Two bodies of scholarship bear on this question. Risk-regulation literature — drawing on Baldwin, Cave and Lodge's regulatory design framework — examines how standard-setting bodies translate scientific uncertainty into enforceable rules, but rarely engages with substance-specific toxicological data. Occupational health law scholarship, including work on the COSHH Regulations 2002, analyses enforcement structures without testing whether thresholds track evidence. The gap is methodological: no study has combined OEL revision timelines with HSE enforcement outcome data to test whether evidentiary lag predicts compliance variation.

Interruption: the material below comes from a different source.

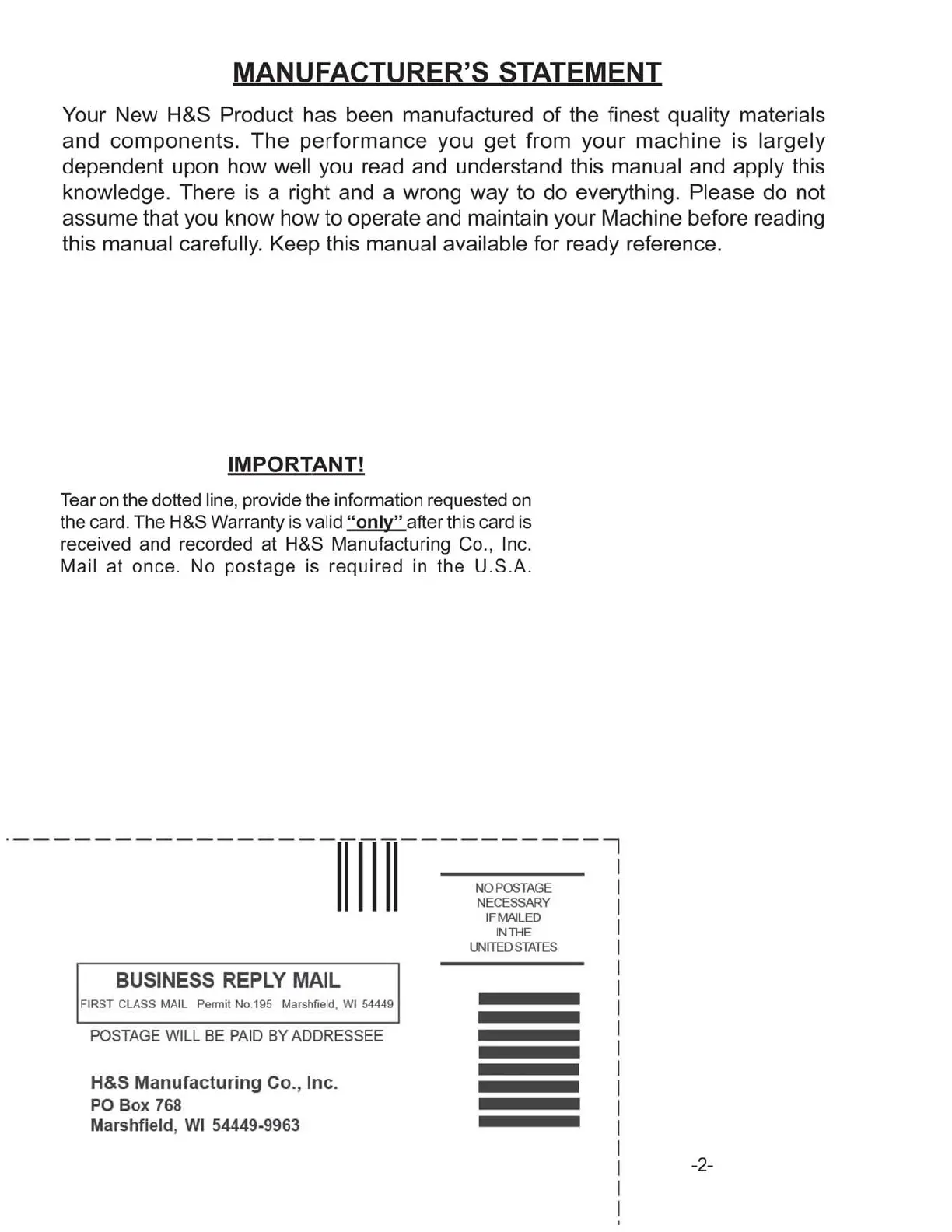H&S LW1100 - Manufacturers Statement

Phase 1 (months 1–4): Documentary analysis of HSE's EH40 OEL revision records for 30–40 substances, coding each revision against the date of the underlying toxicological review. Phase 2 (months 5–8): Freedom of Information requests to HSE for sector-disaggregated enforcement notices (2015–2024), constructing a dataset linking substance, sector, and enforcement action. Phase 3 (months 9–11): Qualitative regulatory analysis of HSE guidance and COSHH Approved Codes of Practice to identify where enforcement discretion is formally permitted. Phase 4 (month 12): Synthesis and policy memo. All sources are document-based and publicly available, fitting a one-year MSc timeline.
All primary sources are public or FOI-accessible; no human participants are involved, so ethical risk is low. The main constraint is FOI response time; a 30-working-day statutory deadline is built into Phase 2, with a contingency of using published HSE Annual Statistics if disaggregated data are withheld. The substance sample is deliberately bounded to ensure coding depth within twelve months.
UCL Laws' regulatory law research cluster, which includes publicly listed work on risk regulation and administrative law, provides the supervisory environment this project requires. Bentham House library holdings and UCL's institutional FOI support are the primary resources needed.